It doesn’t take a village to find and hire the best talent, but it can sure feel that way sometimes.
The execution of employee engagement strategies and daily work of human resources involves many teams—finance, administration, IT, executives—and keeping everyone coordinated and in the loop is a constant challenge. It’s even more so when your company is growing.
The e-commerce company Shopify knows this all too well. “In 2014, we were mostly co-located in Eastern Standard Time, and now we have employees in 15 time zones,” says Kaitlin Norris, a culture specialist at Shopify. Now with 4,000 employees across eight offices, and 2,000 remote workers, the company has had to find ways to adjust its culture and how employees relate to one another. “Just understanding the differences of some cultures across the countries where we have employees has been really huge,” Norris says.
Adjusting to change, whether it’s a new office or a new company insurance plan, can be difficult. But the payout is priceless: a workplace that feels welcoming to employees, serves their needs, and encourages them to get comfortable and stay awhile. And Slack can help get the ball rolling, especially when it comes to employee engagement strategies. Here, you’ll find practical tips from Robby Kwok, the VP of People at Slack, and Norris on how you can make your entire HR flow frictionless and effective in Slack, from recruiting to onboarding and beyond.
Recruiting
In Slack, people centralize their work and stay aligned by creating channels. Channels provide a designated, searchable place for all kinds of discussions, whether for routine status updates on candidate pipelines in channels like #recruiting-sales or keeping track of official sign-offs on offer letters in channels like #offers-for-approval.
Channel members can upload files like résumés, portfolios and interview notes to the channel so everyone can easily find what they need. Plus, Kwok says, “If an interviewer needs to back out at the last minute, all you have to do is invite the new interviewer to the channel, and she’ll have all the relevant information about the candidate and the questions to ask right in-channel.”
A bonus is that discussions in channels flow more like you’re having an in-person conversation, rather than trading emails back and forth. This allows project work to move faster, saving team members ample time and sparing them frustration and miscommunication.
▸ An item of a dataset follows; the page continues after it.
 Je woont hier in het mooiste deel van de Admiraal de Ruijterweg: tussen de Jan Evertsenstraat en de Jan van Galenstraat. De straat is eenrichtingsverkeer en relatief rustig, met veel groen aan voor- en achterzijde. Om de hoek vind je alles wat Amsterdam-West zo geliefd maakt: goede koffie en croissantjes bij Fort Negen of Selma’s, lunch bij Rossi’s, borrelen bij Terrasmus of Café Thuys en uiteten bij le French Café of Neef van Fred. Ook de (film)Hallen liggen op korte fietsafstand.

If you want to bring third-party apps into the mix, you can integrate candidate tracking systems into Slack. For example, you can set up apps like Greenhouse to automatically notify stakeholders in a channel when a candidate’s status changes. Or add an app like HelloSign to be updated in real time when a candidate signs an offer letter.
Onboarding
When your new hires walk through the door on day one, you want to get them up to speed and productive quickly, while not overwhelming them with information or letting them feel isolated. It can be tough to be the “new kid” on the team.
Retention and employee engagement strategies
After new hires are onboarded, keeping them happy and productive via employee engagement strategies will boost retention. “Bottlenecks, friction and fragmentation—these dynamics have lots of impact on how your employees work with each other,” says Kwok, “which has an impact on how people feel about working for your company.”
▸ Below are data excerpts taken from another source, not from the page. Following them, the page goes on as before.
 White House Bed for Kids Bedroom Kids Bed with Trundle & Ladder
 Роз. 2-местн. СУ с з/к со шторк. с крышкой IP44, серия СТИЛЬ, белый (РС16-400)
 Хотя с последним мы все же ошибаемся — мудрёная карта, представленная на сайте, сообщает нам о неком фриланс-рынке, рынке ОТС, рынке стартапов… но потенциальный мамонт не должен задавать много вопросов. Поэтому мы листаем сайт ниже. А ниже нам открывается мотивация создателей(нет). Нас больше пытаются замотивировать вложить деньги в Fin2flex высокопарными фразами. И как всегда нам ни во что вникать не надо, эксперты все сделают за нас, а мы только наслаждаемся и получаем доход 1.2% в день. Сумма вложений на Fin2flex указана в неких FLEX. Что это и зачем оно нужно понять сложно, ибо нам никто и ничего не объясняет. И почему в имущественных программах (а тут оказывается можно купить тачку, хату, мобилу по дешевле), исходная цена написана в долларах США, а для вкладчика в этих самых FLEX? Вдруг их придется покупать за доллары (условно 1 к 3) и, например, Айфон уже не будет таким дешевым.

One way both Kwok and Norris stay in tune with how employees are feeling is through periodic “pulse” surveys administered through Slack. Tools like Neko by Culture Amp and Leo send out employee satisfaction surveys via Slack and then analyze the results to surface emerging patterns. Norris says Shopify uses pulse surveys to “understand where our employee engagement is at.” Kwok says, “You can really get a good feel for how people are feeling in terms of belonging but also productivity.”
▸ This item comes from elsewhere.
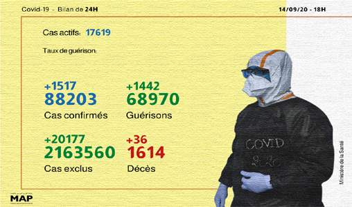Mille cinq cent dix sept (1.517) nouveaux cas d’infection au coronavirus (Covid-19) et 1.442 guérisons ont été enregistrés au Maroc au cours des dernières 24 heures, a annoncé lundi le ministère de la Santé.

Kwok and Norris emphasize that working in channels is about more than just organizing team discussions. Because channels make workflows more transparent, subject-matter experts can come together more quickly and efficiently. And it’s this flexibility that allows them to keep pace with the speed of business today and to provide a consistent employee experience. “Global growth has definitely been a huge challenge for us recently,” says Norris. “If we want our growth to continue at Shopify, we believe we really need to thrive on change.”